● What is needed
Your response is a verbatim copy of the listing, stripped of its images.

● Source data
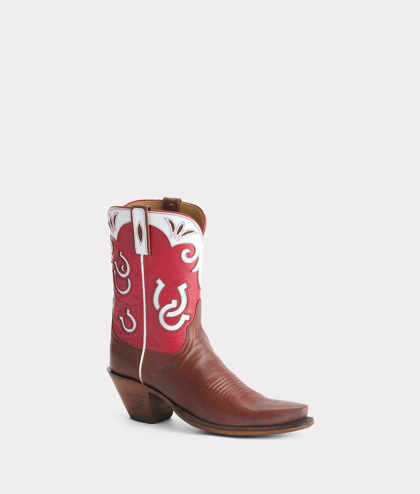 Inspired by eighth century folklore. the horseshoe is a symbol of luck and good fortune. Lucchese’s Beginner’s Luck takes poker table confidence to a new level. Red and black doesn’t just come in hearts and diamonds. but in size seven and eights ?C you’ll stay winning. A smoke-filled room is no match for the Lucky Shoe inlay. collar. and pull strap designs ?C these 9-inch-tall cow/goat quarters see right through the bull of a gamblin’ man. Our Lucchese artisans select and cut these rich bovine leathers by hand so you could hold the winning one. Whether you’re just starting out or maybe you’ve seen a thing or two – everyone needs a little luck. Handmade in Texas.
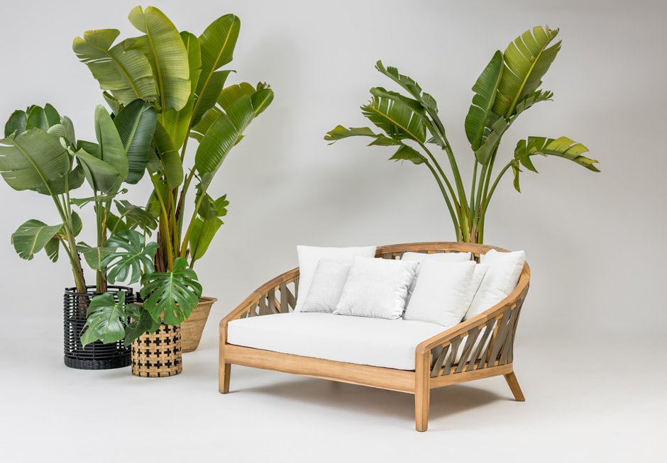 Daybed / καναπές από μασίφ ξύλο και πλέξη από ιμάντες στην πλάτη του καθίσματος. Διατίθεται σε διαστάσεις 160x120x85h cm, από την αρχική τιμή 5.500€ στην τελική τιμή προσφοράς 1.925€.
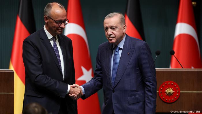 | Image caption | Kanclerz Friedrich Merz nalega na powroty Syryjczyków do własnego kraju | ||

● Solution to the problem
 Inspired by eighth century folklore. the horseshoe is a symbol of luck and good fortune. Lucchese’s Beginner’s Luck takes poker table confidence to a new level. Red and black doesn’t just come in hearts and diamonds. but in size seven and eights ?C you’ll stay winning. A smoke-filled room is no match for the Lucky Shoe inlay. collar. and pull strap designs ?C these 9-inch-tall cow/goat quarters see right through the bull of a gamblin’ man. Our Lucchese artisans select and cut these rich bovine leathers by hand so you could hold the winning one. Whether you’re just starting out or maybe you’ve seen a thing or two – everyone needs a little luck. Handmade in Texas.
 Daybed / καναπές από μασίφ ξύλο και πλέξη από ιμάντες στην πλάτη του καθίσματος. Διατίθεται σε διαστάσεις 160x120x85h cm, από την αρχική τιμή 5.500€ στην τελική τιμή προσφοράς 1.925€.
 | Image caption | Kanclerz Friedrich Merz nalega na powroty Syryjczyków do własnego kraju | ||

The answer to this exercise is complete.